Sevdiğiniz derslere de girseniz, sevdiğiniz işi de yapsanız
Pazartesi sendromunu zaman zaman yaşarsınız. Hiç yaşamadım diyen var mı?
Sanmıyorum. Kapısından adımımı attığımda huzur bulduğum bir ofiste, çok keyif
aldığım bir işi yapıyorum. Buna rağmen bazı günlerde o sendrom tam da karşımda
duruyor. İtiraf etmeliyim ki geçtiğimiz Pazartesi günü de öyleydi. Asansörle
ofise doğru çıkarken, ne zaman yeni haftaya başladığımızı algılamaya
çalışıyordum aslında. Günler çok çabuk geçiyor, çok… Zamanı durduramıyoruz.
Ne diyordum? Sendrom, Pazartesi sendromu!

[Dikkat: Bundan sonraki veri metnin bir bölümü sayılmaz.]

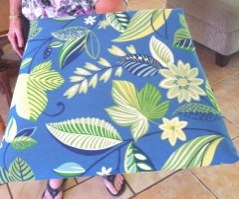 Step 3: Place your fabric on the floor with the pattern side down and place the chair seat down in the middle of your fabric so that the bottom of the chair is facing up. You should still be able to see several inches of your fabric from all four sides of your chair.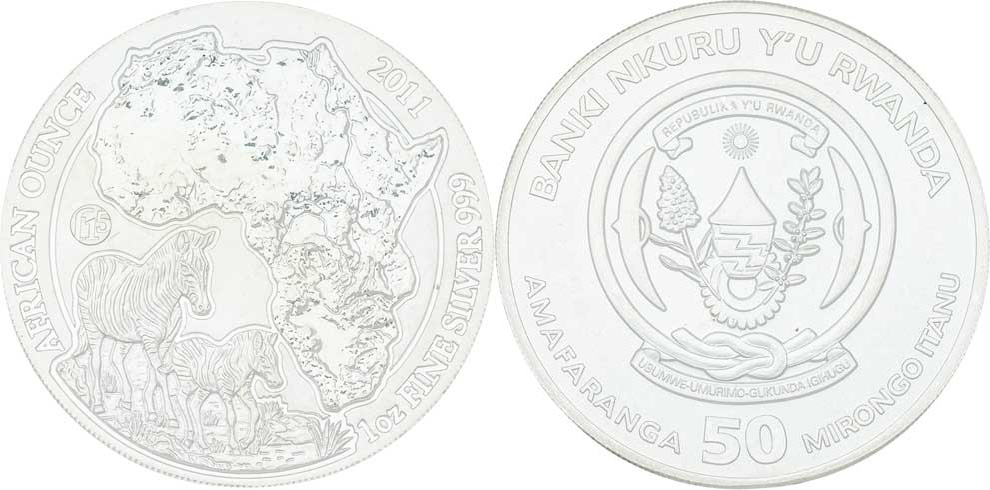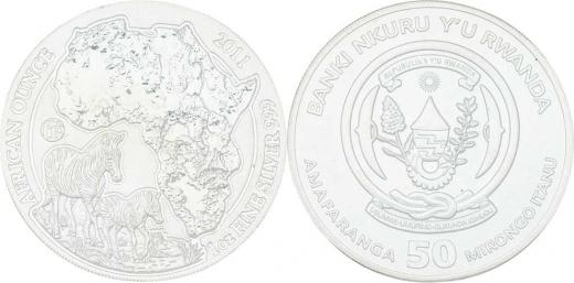 50 Frank 2011 - mapa Afriky a dvě zebry, KM.39 (Ag999, 31.05g (1 unce Ag)), kapsle, částečně

Ben geçen hafta bu
sendromu nasıl yendim biliyor musunuz? Reyting sonuçlarıyla. Keşke reytingler
geldiğinde yüzüme yayılan sevinci, içimdeki coşkuyu anlatabilsem size. Bir süre
şeker havuzuna düşmüş çocuklar gibiydim. Tabii sonrasında sendrom falan
kalmadı, bol köpüklüsünden bir keyif kahvesi yaptım ve çalışmaya devam ettim.
Mutluluğumu sizlerle paylaştığıma göre, artık bu hafta
Hatırla Gönül’de neler olduğuna gelebiliriz.
Elini tutsam, iyi gelecek...
Son sahneye kadar kafamda çok farklı bir giriş yapmak vardı;
Gönül’e kızacaktım biraz, Tekin’e söylenecektim. Son sahne kalbimi deldi geçti.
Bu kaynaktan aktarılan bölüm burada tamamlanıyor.